In order for that to work kube-proxy
--cluster-cidr
flag must be set:
The CIDR range of pods in the cluster. When configured, traffic sent to a Service cluster IP from outside this range will be masqueraded and traffic sent from pods to an external LoadBalancer IP will be directed to the respective cluster IP instead
So that traffic that arrive to the node that acts as services gateway can be masquaraded and redirected to the proper destination.
Because we have graceful restart enabled on all peers:
[peer-groups.graceful-restart.config]
enabled = true
which is needed in order to avoid calico-node
pod restarts causing blinks on the network, that introduces a problem. If the node that acts as a gateway for services dies, it will still remain advertised for as long as the bird
instances asked as a graceful restart period (by default 2mins) and all requests to services will fail.

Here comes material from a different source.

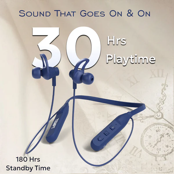 Tempt Rush X Neckband – Wireless Bluetooth Earphones with 10mm Drivers, 30 Hours Playback & Type-C Fast Charging

That may be solved by using long lived graceful restart bgp feature (https://github.com/osrg/gobgp/blob/master/docs/sources/graceful-restart.md#long-lived-graceful-restart)
This feature will still allow the route to the failing node to be in the rib, but since the node is not responding the route will be marked as stale and get de-selected as the prefered one to be advertised downstream.
Sadly long lived graceful restart is not available through calico-node bird instance at the moment and the above setup will be possible after this: https://github.com/projectcalico/calico/issues/2470#issuecomment-483370379 is resolved.
Limitations - Network Policies
Obviously in order to allow cross cluster pod to pod communication you will need to tune network policies (in case they are used) to allow the whole pod cidr of the other cluster talk to your pod, since the local calico deployment cannot know anything about the remote cluster. That means that you open your pod to the other cluster and access limiting becomes now a work that should be handled on pod level rather than network/iptables level (the way it is done with network policies).